Primero aclaro mi hipótesis: el principio eje del Estado de derecho es la igualdad ante la ley. Este principio no puede ser aplicado en la práctica porque nos es insoportable la igualdad en la convivencia. En otras palabras, como no podemos aceptarnos como iguales, tampoco podemos aceptar una relación igual ante las leyes.
Desde el 2010 y luego en 2022 publiqué reflexiones sobre la insoportable igualdad. Corresponde a miradas profundas académicas y no académicas descifrar cómo construimos en la práctica nuestra relación de cara al principio formal de la igualdad y la producción al respecto ha fluido desde diversas disciplinas. No sé si la perspectiva que aquí apunto ha sido desarrollada.
Observar esto en mi vida diaria se ha convertido tal vez en una obsesión. Pongo atención a rutinas y rituales confirmando, a mi entender, que interactuamos usando un reflejo que intenta desigualarnos de todas las maneras posibles. Encuentro espacios y eventos donde esto no es así y la acción colectiva hace converger la norma y las prácticas que igualan, pero estoy seguro que esto abarca una proporción muy reducida en la manera de relacionarnos.
Volví recientemente a estas reflexiones luego de revisar varios informes que confirman una vez más la persistencia de la impunidad e incluso el crecimiento de esta en los delitos más graves, comenzando por el homicidio intencional. “En 2022, la impunidad alcanzó una media nacional de 96.3 de los casos conocidos por el Ministerio Público, lo que supone un incremento de 4.5 puntos porcentuales en comparación con 2021”, cité en colaboración reciente.

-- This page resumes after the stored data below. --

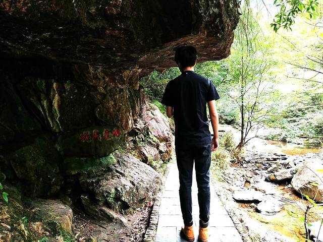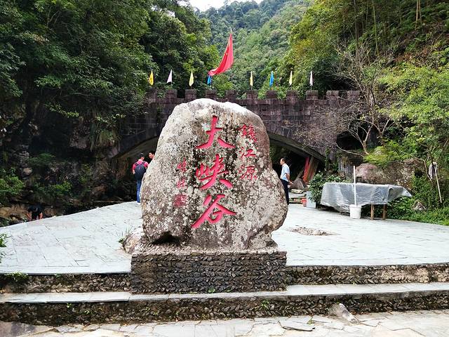 这里没有过多的商业气息,零星的有着农家乐。走过石桥,就能看到一块大石,红字题着“钱江源大峡谷”。
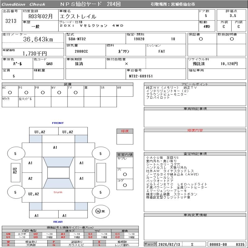 Статус выставлен на аукцион Лот 3213 Аукцион NPS Sendai Дата аукциона 10.03.2026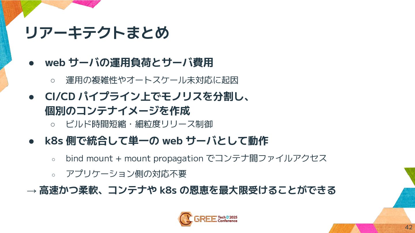 ◦ ビルド時間短縮・細粒度リリース制御 • k8s 側で統合して単一の web サーバとして動作 ◦ bind mount + mount propagation でコンテナ間ファイルアクセス ◦ アプリケーション側の対応不要 → 高速かつ柔軟、コンテナや k8s の恩恵を最大限受けることができる 42
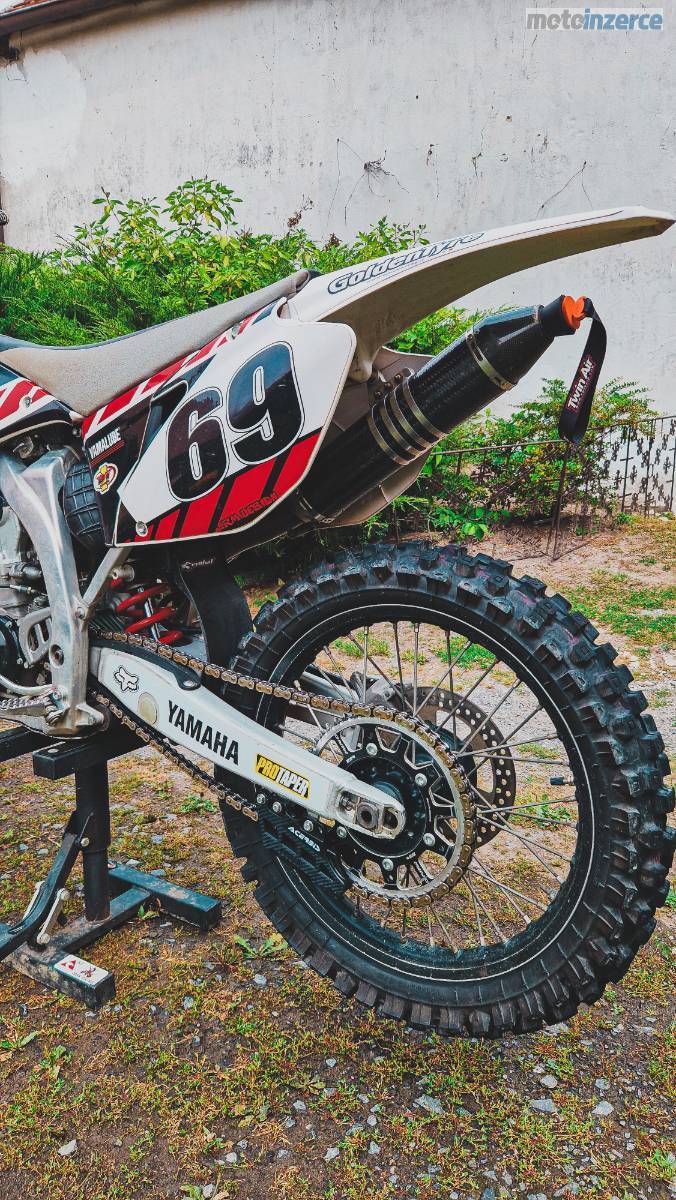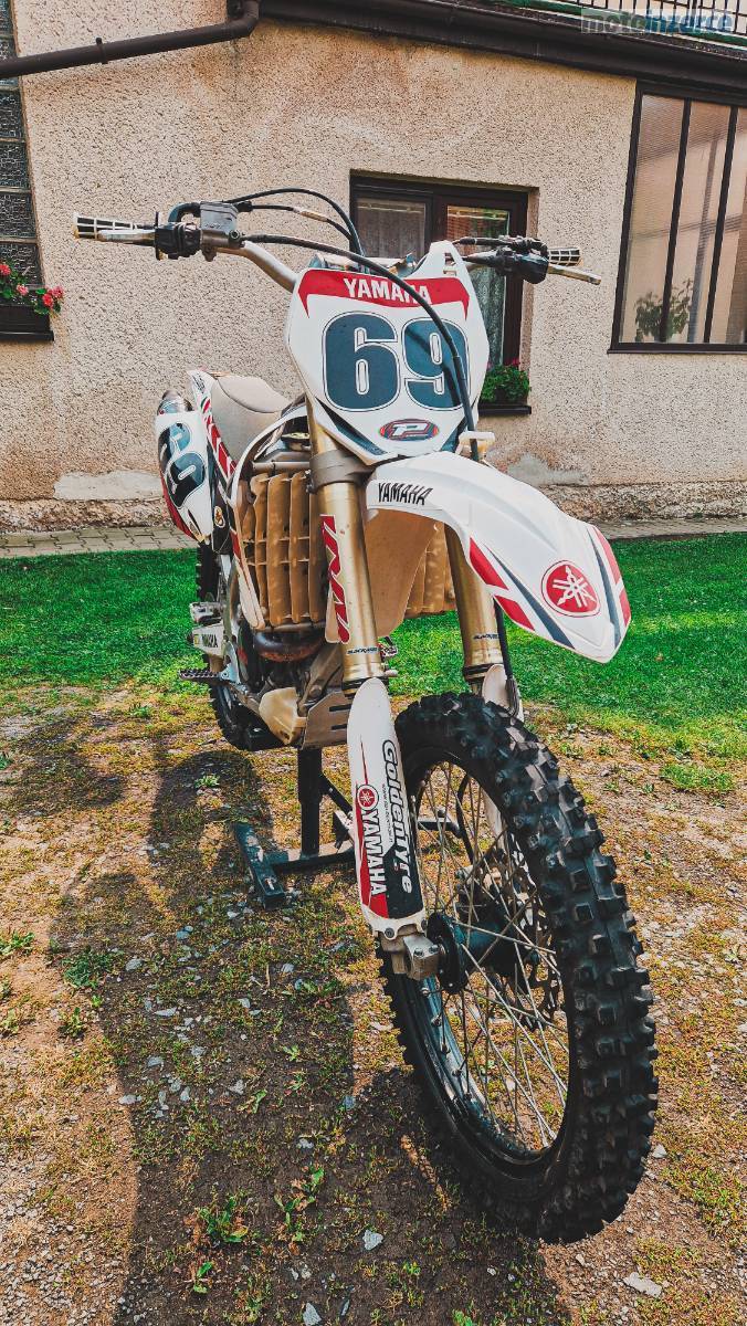 Prodám Yamaha YZ 250 F r.v. 2008. Moto je v top stavu a ježděn: pouze MX tratě. Mnou najeto pouze 10mth. Poslední udaj na motohodinách po posledním ježdění byl 108mth (je to 14 dni co vybila baterka). Jinak ve 35mth kompletní G0 motoru a podvozku v hodnotě cca 30000, (pístní sada, nikasi ojnice, rozvodový řetěz, ložiska v motoru, těsnění motoru, nové obě vačky, repas předních a zadních tlumičů, přepákování atd..) V 65mth další servis u Čepeláka (Kolín) v hodnotě 19000, (pístní sada těsnění, zdvihátka ventilu, vodítko rozvodového řetěze, rozvodový řetěz, vata výfuku, čištění karburátoru ultrazvukem, ložiska v kolech, repas předních a zadních tlumičů atd..). Na 87mth nová řetězová sada. Při 102mth nové Gripy ODi Emig Lock on, lízátko na kyvku (UFO), vodítko řetězu Acerbis, přední kotouč TWR, destičky Mino. Olej a filtr měněn pravidelně po 5mth, ježděno pouze na originál olej Yamalube 4 FS 10W40, vzduchový filtr měněn po každém tréninku (mám 3). Na moto je laděný výfuk DVR i se svodem, lámací páčky a doplňky od ZETA, výstuhy chladičů, veliký kryt pod motorem, K motorce přidám spoustu náhradních dílů (kompletní sada plastů, airbox, svíčky, vzduchové a olejové filtry, pneu atd..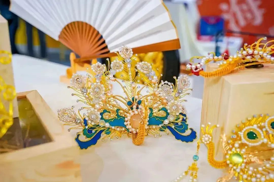 文化寧海展位圍繞“指尖上的紅妝”,陳列包含茶雕貼金、紅妝首飾、鳳冠霞帔、“泥金彩漆”“朱金漆木雕”和紅妝插畫文創(chuàng)等的傳統(tǒng)紅妝非遺產(chǎn)品。通過現(xiàn)代化的設(shè)計(jì)理念,盡顯地域文化風(fēng)采,既留住了老祖宗的根,又走在了時(shí)代前沿,用年輕多樣化的視角以“文創(chuàng)”理念續(xù)寫新的“紅妝”。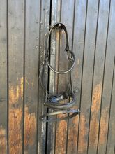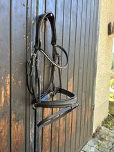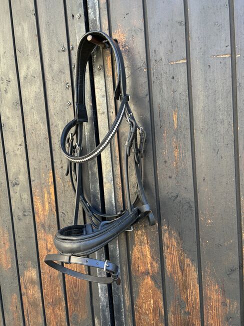 Uzda szwedzka z odpinanym paskiem blokującym (+ pętla paska blokującego) - Na sprzedaż dobrze utrzymana szwedzka uzda z odpinanym paskiem błyskowym + pętla paska błyskowego z Claridge House. Rozmiar Full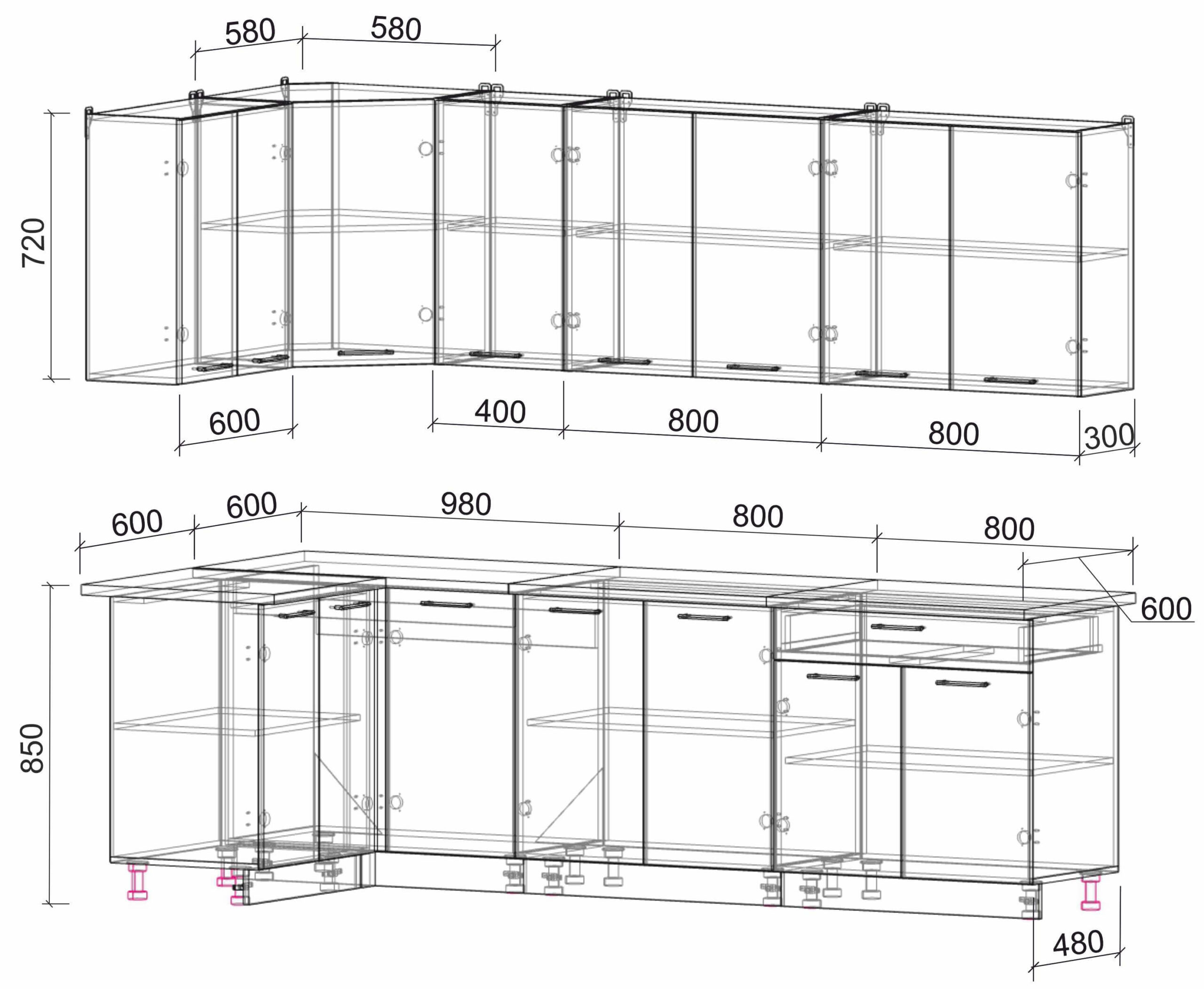 Высота нижних шкафов

Creo que como sociedad y Estado estamos encerrados en un ciclo de repetición que, como tal, reproduce nuestros problemas con la ley y nada resuelve. En mi memoria, hace cuatro décadas se comenzaba a denunciar la impunidad y hace tres ya había primeras aproximaciones empíricas para medirla. Esperar que algo cambie, luego de decenas o centenas de reformas, promesas políticas, programas, presupuestos e infraestructura, todo supuestamente destinado a reducir la impunidad, carece de la más elemental lógica.

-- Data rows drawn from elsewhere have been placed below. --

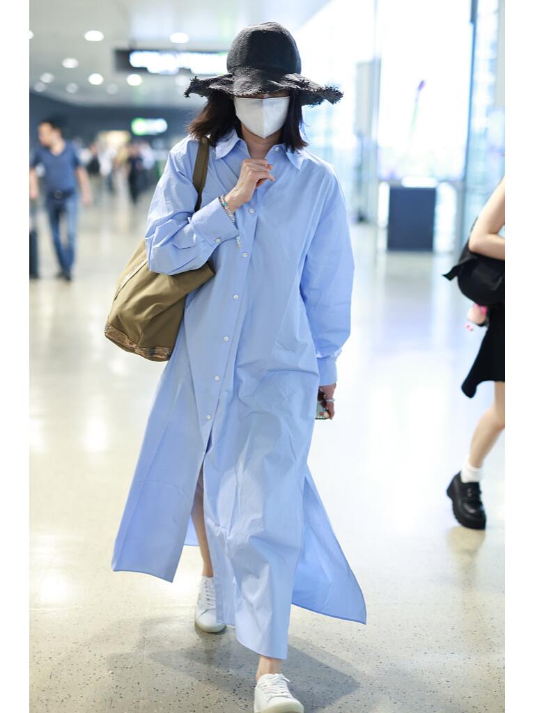 她戴了一顶黑色的渔夫帽,穿了一件浅蓝色的衬衫连衣裙,搭配小白鞋。简单清新,还有些随性自在的感觉。很潮的初夏穿搭。不过这衬衫连衣裙有点太长了,只有个子高的人穿才能撑起来。小个子要穿短一点的。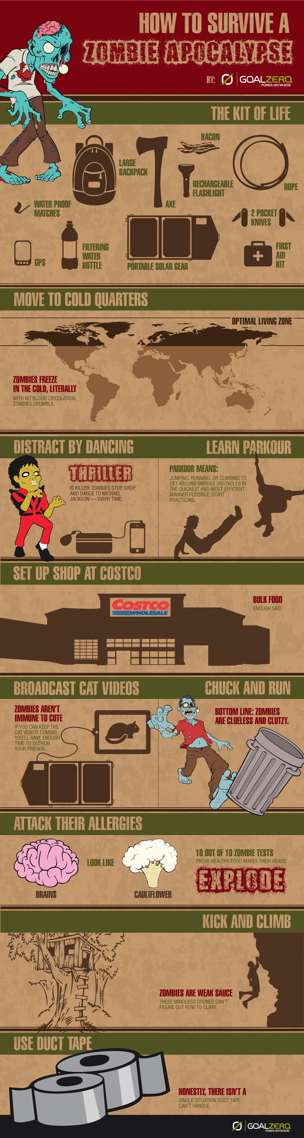 We created a captivating infographic that creatively linked Goal Zero’s solar products to survival scenarios in a zombie apocalypse. This playful, yet informative, approach positioned their products as essential for any survival kit.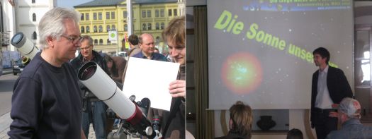 Im Vortragssaal des Rentamts gab es parallel zur Sonnenbeobachtung einen Gesamt-Überblick unseres Sonnensystems. Die Physiklehrer des Schyren-Gymnasiums, Hans Kern und Bernhard Laux, reisten mit den Zuhörern quasi durch das Sonnensystem und stellten anschaulich Fakten schier unglaublicher Dimensionen vor.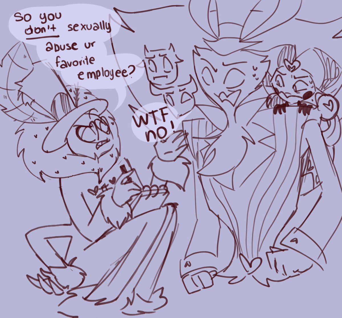 Redrew a sketch I did when ep 7 came out but it's so bad #HelluvaBoss #Asmodeus #Fizzarolli #Valentino #HazbinHotel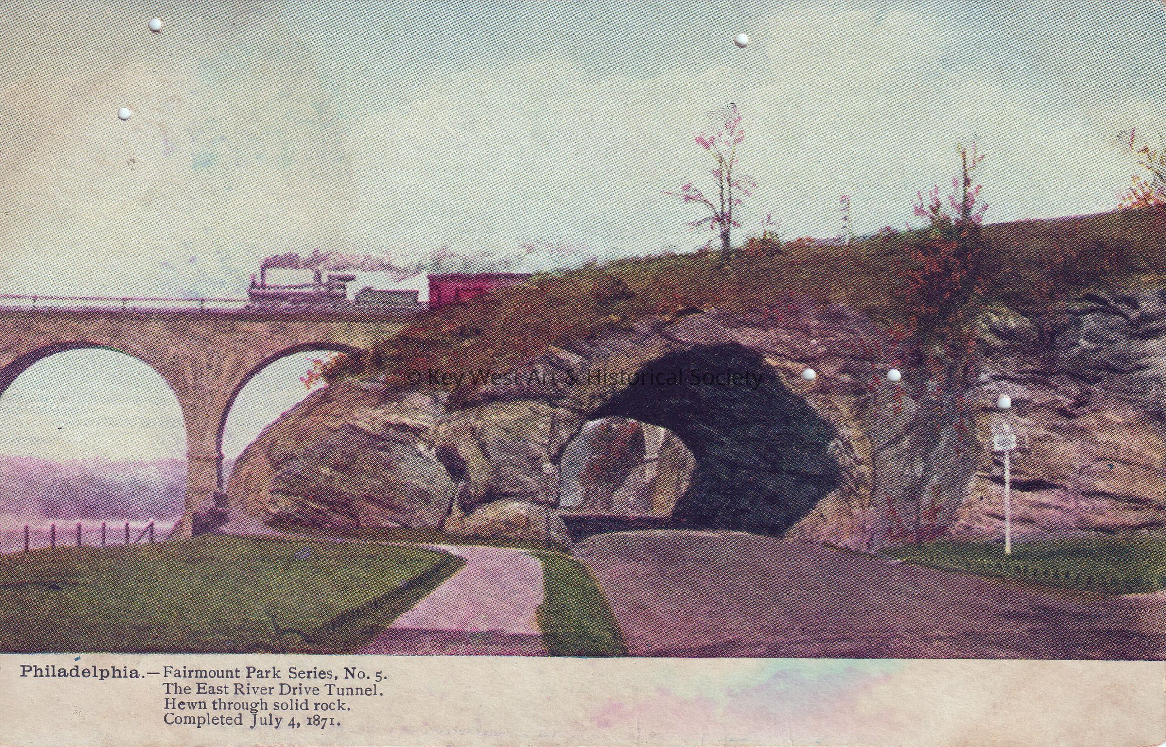 Postcard depicting a train traveling above a tunnel. The caption reads, ‘Philadelphia – Fairmount Park Series, No. 5, The East River Drive Tunnel. Hewn through solid rock, completed July 4, 1871.’Collection

La explicación a todo esto no está en la ley, también lo tengo claro; al revés, hágase lo que se haga con las reformas normativas interminables, en la práctica la red de intereses que entrelaza las burocracias de la justicia y la ciudadanía ha aprendido sofisticados mecanismos que normalizaron hace mucho -acaso desde siempre- la impunidad. Tenemos que reconstruir completamente nuestra comprensión de cómo funciona y a quién le funciona la manipulación de la ley. Por ejemplo, un texto reciente aquí reseñado abre paso hacia otras perspectivas de la llamada mordida, entendida esta “como forma de vida”.

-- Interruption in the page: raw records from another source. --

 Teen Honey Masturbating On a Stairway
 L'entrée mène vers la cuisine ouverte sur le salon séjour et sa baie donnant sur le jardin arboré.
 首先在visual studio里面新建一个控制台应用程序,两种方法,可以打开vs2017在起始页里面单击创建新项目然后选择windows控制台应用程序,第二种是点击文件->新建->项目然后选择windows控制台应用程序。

En mi obsesiva mirada hacia nuestra convivencia lo que más me llama la atención es el conflicto con aquello que implica esperar un turno. La espera de un turno es un mecanismo que nos iguala y justamente por eso es insoportable para muchas personas por todas partes. Nunca olvidaré aquella frase de la señora en el puesto de tlacoyos: “a mi esposo no le gusta esperar”. El conflicto ante la práctica que iguala en la interacción cotidiana es en realidad el trasfondo del conflicto ante la regla que iguala.
La impunidad es síntoma paradigmático de la manipulación de la ley que fractura el principio de igualdad ante ella; es una representación paradigmática de la imposible subordinación política y social al principio de igualdad ante la ley y no veo manera de que esto se desmonte si seguimos sin entender el sustrato del conflicto con la igualdad.
Nadie en la llamada clase política y muy pocas personas en la sociedad reconocen en voz alta que en la práctica respetar el principio de igualdad ante la ley nos es imposible y justo eso es parte fundamental del problema. No podemos construir una conciencia colectiva al respecto porque la disponibilidad de la norma, exactamente como la posibilidad de manipular un turno, es una preferencia hegemónica que va desde lo micro -la fila para esperar el tlacoyo- hasta lo macro -la complicidad de las élites a favor de la impunidad, diferenciada según lealtades-.
He propuesto entender a la corrupción como una herramienta útil incluso para la movilidad social, de manera que la disponibilidad de la norma es una escalera que se usa para desigualarnos. La inmensa mayoría, si así puede, usará el primer escalón que encuentre, a manera de ventana de oportunidad para torcer una regla en su beneficio.
Vive extraviada la persona que aún cree que nos faltan otros arreglos formales. Si así fuera, hace mucho habríamos construido un Estado de derecho al menos mínimamente sólido. No es el caso y no lo será mientras la igualdad nos siga siendo insoportable.